[Supplied entries]

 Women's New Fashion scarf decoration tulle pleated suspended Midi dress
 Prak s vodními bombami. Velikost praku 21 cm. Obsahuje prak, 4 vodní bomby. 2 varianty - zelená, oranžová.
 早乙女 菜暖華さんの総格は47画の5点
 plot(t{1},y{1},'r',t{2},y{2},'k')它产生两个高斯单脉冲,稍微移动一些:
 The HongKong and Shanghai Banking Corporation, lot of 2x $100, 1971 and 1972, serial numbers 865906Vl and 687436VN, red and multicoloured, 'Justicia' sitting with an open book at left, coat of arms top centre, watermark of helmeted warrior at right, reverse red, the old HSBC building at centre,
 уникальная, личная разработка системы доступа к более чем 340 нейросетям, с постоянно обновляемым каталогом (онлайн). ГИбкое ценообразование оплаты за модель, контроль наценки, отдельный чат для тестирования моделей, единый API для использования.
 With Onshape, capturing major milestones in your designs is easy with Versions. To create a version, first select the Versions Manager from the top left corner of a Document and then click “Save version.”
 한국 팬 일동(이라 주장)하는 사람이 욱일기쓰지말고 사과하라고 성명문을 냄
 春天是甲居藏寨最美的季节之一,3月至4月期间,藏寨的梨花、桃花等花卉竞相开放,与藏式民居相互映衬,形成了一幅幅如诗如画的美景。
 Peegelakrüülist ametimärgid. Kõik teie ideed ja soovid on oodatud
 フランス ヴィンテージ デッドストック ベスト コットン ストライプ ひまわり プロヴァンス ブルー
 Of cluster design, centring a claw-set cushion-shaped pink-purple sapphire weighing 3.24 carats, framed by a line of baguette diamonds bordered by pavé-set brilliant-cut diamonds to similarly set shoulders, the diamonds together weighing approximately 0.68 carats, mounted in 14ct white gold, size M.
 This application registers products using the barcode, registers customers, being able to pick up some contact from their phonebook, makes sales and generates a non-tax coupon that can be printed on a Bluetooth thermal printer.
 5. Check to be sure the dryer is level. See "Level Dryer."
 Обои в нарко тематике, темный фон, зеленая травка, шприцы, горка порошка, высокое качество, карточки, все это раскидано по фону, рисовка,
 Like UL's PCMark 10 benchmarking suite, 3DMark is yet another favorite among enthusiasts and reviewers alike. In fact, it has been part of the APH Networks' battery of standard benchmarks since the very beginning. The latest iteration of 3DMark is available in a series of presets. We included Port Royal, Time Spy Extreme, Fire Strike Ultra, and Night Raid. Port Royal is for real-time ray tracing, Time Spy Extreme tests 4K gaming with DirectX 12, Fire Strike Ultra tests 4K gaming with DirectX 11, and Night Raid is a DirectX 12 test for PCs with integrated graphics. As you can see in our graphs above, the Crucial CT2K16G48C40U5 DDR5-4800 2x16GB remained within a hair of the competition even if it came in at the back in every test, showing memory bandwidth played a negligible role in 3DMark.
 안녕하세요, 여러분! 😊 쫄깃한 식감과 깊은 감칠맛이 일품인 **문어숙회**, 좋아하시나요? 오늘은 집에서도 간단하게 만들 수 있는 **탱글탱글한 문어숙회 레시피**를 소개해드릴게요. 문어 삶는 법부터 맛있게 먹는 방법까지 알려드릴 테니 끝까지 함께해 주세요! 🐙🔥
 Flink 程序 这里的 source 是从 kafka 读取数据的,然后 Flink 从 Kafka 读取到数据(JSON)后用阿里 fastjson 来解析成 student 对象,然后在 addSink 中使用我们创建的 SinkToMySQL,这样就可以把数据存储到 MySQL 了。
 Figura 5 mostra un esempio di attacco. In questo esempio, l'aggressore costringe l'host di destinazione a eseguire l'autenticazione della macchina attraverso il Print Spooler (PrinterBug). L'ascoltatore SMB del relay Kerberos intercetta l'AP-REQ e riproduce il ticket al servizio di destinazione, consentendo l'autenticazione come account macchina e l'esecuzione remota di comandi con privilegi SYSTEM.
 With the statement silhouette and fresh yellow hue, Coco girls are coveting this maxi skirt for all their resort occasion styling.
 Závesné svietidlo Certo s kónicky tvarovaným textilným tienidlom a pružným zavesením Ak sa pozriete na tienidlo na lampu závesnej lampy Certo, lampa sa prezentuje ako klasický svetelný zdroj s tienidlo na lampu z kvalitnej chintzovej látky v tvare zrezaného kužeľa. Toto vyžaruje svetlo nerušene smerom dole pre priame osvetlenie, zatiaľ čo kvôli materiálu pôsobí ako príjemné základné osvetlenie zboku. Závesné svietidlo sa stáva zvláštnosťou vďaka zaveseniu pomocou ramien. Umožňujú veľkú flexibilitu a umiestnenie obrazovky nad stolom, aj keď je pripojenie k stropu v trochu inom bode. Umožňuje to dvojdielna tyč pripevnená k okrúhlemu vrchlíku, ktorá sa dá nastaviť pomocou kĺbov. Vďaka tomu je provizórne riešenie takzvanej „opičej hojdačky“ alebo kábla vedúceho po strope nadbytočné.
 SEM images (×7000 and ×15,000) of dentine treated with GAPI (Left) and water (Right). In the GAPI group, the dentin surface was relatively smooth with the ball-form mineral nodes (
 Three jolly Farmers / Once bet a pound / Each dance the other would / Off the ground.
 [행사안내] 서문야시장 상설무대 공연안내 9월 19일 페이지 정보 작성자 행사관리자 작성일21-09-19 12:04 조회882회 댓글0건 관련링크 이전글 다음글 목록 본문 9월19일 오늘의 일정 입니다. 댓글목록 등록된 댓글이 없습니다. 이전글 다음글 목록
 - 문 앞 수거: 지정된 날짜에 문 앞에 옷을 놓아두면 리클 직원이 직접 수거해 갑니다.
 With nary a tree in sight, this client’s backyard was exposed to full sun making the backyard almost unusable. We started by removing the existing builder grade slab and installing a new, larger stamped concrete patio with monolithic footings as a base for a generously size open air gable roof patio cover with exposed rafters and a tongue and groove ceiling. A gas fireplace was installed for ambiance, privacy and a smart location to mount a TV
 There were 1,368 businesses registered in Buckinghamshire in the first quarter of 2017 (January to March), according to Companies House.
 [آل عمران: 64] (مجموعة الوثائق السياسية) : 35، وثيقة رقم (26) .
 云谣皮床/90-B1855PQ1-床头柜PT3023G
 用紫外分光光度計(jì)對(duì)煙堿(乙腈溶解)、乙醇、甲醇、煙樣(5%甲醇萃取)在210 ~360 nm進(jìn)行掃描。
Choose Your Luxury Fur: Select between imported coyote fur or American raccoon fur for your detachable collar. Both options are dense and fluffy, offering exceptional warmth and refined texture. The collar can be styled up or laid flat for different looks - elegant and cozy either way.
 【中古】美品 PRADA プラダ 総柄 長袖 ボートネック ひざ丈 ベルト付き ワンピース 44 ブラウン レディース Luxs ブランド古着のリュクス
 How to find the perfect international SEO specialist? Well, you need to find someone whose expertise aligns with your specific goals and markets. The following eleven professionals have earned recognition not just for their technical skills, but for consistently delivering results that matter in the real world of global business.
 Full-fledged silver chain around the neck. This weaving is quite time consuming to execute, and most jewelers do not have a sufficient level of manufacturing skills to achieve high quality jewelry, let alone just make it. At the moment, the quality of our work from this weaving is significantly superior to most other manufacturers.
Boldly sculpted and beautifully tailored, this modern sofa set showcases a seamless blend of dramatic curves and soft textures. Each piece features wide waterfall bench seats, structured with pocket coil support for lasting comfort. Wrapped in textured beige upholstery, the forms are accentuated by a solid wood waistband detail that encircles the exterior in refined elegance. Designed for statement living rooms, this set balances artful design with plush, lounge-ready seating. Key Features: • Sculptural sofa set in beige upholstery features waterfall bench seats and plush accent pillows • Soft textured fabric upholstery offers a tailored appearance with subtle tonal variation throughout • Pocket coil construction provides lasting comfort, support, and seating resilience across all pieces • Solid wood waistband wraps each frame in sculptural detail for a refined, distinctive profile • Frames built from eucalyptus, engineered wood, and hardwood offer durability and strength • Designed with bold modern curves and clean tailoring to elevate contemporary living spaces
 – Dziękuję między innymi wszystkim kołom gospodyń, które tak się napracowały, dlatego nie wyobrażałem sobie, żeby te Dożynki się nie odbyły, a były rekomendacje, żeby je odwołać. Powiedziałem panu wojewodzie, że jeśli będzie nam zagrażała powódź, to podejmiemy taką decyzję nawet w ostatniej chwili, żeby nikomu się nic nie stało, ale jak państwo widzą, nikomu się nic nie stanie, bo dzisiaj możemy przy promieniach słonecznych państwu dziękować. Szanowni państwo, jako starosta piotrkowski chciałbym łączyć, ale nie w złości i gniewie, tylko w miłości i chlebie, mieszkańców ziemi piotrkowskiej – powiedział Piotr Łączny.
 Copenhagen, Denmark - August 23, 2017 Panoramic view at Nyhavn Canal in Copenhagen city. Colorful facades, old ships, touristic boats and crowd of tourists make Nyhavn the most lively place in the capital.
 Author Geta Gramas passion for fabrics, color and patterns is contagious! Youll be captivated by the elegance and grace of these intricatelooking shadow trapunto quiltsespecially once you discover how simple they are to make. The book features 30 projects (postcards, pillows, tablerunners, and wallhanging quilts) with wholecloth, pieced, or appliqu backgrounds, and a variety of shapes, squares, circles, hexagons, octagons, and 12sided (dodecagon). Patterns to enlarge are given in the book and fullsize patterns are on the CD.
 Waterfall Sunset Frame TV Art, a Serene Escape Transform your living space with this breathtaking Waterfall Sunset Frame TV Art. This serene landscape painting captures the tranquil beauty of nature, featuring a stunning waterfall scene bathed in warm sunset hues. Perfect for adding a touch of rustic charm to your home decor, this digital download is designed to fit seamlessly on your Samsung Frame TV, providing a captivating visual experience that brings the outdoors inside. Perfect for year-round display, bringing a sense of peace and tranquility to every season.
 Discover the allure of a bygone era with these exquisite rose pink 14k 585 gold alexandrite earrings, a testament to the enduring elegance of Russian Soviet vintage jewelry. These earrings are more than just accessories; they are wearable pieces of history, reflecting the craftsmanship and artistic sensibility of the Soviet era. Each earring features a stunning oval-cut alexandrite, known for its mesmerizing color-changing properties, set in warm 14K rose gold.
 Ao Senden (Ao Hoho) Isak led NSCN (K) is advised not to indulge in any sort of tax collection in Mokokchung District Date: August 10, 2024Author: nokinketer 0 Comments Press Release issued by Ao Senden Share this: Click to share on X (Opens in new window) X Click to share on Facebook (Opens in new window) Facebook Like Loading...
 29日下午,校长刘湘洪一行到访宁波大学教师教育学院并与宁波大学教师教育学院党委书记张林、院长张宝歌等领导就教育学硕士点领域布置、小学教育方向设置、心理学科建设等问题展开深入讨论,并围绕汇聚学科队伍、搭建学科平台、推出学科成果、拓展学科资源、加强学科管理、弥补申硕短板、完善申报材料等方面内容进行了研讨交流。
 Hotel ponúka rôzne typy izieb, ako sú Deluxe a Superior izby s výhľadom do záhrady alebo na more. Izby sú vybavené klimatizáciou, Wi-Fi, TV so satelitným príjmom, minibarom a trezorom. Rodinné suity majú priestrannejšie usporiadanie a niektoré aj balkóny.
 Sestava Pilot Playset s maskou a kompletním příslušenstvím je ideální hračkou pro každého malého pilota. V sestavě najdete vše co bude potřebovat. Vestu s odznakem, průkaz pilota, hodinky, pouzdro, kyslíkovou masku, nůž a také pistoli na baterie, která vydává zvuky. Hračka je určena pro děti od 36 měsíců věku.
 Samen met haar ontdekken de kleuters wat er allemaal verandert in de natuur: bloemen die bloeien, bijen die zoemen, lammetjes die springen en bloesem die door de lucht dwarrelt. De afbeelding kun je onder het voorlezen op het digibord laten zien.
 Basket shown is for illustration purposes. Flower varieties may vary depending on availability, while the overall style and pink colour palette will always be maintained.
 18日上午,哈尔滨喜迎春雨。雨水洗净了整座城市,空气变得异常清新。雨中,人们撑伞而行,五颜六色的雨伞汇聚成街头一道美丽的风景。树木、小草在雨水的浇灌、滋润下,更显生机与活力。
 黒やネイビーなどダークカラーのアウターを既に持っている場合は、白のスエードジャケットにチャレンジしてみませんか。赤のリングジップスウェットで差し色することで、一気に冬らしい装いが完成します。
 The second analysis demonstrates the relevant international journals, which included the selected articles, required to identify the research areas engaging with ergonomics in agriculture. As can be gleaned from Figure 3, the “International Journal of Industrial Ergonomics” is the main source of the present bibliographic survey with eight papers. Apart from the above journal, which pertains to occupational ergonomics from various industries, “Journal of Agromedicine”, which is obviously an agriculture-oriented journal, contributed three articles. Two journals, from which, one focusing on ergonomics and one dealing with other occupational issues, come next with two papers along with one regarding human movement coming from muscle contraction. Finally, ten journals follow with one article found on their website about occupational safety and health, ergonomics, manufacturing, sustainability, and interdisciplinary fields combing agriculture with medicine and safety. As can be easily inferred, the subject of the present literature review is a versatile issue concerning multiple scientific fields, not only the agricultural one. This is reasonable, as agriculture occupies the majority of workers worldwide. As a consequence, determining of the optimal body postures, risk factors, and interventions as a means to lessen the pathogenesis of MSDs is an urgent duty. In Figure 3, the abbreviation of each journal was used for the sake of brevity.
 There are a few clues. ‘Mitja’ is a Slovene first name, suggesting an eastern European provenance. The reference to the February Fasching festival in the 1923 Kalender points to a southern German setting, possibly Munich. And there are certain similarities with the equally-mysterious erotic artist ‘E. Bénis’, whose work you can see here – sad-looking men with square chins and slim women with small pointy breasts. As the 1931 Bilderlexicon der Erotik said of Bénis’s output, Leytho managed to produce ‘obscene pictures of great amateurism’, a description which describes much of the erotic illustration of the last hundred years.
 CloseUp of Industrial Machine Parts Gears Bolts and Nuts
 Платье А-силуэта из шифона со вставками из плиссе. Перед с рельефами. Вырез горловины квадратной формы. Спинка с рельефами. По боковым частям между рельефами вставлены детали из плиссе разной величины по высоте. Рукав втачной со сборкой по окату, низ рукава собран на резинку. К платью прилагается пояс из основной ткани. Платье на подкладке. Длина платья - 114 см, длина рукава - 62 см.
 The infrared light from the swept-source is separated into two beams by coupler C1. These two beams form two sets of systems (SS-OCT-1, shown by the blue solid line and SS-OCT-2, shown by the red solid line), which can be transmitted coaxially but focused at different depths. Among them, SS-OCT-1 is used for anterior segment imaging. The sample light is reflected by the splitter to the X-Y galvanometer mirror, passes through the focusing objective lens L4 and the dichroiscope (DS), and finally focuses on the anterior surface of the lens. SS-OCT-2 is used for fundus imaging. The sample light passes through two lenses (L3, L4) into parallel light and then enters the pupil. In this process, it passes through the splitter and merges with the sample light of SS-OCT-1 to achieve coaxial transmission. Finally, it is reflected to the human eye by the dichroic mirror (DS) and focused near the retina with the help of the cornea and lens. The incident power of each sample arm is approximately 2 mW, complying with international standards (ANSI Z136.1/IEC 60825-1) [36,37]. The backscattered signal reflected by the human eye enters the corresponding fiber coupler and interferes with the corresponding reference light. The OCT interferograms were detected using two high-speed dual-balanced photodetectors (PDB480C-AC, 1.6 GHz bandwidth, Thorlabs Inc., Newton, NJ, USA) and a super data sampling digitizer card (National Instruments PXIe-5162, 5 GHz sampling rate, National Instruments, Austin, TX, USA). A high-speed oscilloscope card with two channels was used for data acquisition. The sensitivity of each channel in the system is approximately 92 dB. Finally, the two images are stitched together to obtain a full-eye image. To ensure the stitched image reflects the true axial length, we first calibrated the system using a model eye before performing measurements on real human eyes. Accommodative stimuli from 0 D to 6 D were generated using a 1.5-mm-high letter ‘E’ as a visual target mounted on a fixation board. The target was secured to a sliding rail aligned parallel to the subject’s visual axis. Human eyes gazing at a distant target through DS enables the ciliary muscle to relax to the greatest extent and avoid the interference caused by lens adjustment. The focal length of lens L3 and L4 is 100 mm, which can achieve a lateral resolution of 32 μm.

[/Supplied entries]

Your assignment: Return the span of lines in the data above that opens at the line with "Like UL's PCMark" and closes at the line with "Flink 程序 这里的", exactly, ends included, nothing else.

Reply:
 Like UL's PCMark 10 benchmarking suite, 3DMark is yet another favorite among enthusiasts and reviewers alike. In fact, it has been part of the APH Networks' battery of standard benchmarks since the very beginning. The latest iteration of 3DMark is available in a series of presets. We included Port Royal, Time Spy Extreme, Fire Strike Ultra, and Night Raid. Port Royal is for real-time ray tracing, Time Spy Extreme tests 4K gaming with DirectX 12, Fire Strike Ultra tests 4K gaming with DirectX 11, and Night Raid is a DirectX 12 test for PCs with integrated graphics. As you can see in our graphs above, the Crucial CT2K16G48C40U5 DDR5-4800 2x16GB remained within a hair of the competition even if it came in at the back in every test, showing memory bandwidth played a negligible role in 3DMark.
 안녕하세요, 여러분! 😊 쫄깃한 식감과 깊은 감칠맛이 일품인 **문어숙회**, 좋아하시나요? 오늘은 집에서도 간단하게 만들 수 있는 **탱글탱글한 문어숙회 레시피**를 소개해드릴게요. 문어 삶는 법부터 맛있게 먹는 방법까지 알려드릴 테니 끝까지 함께해 주세요! 🐙🔥
 Flink 程序 这里的 source 是从 kafka 读取数据的,然后 Flink 从 Kafka 读取到数据(JSON)后用阿里 fastjson 来解析成 student 对象,然后在 addSink 中使用我们创建的 SinkToMySQL,这样就可以把数据存储到 MySQL 了。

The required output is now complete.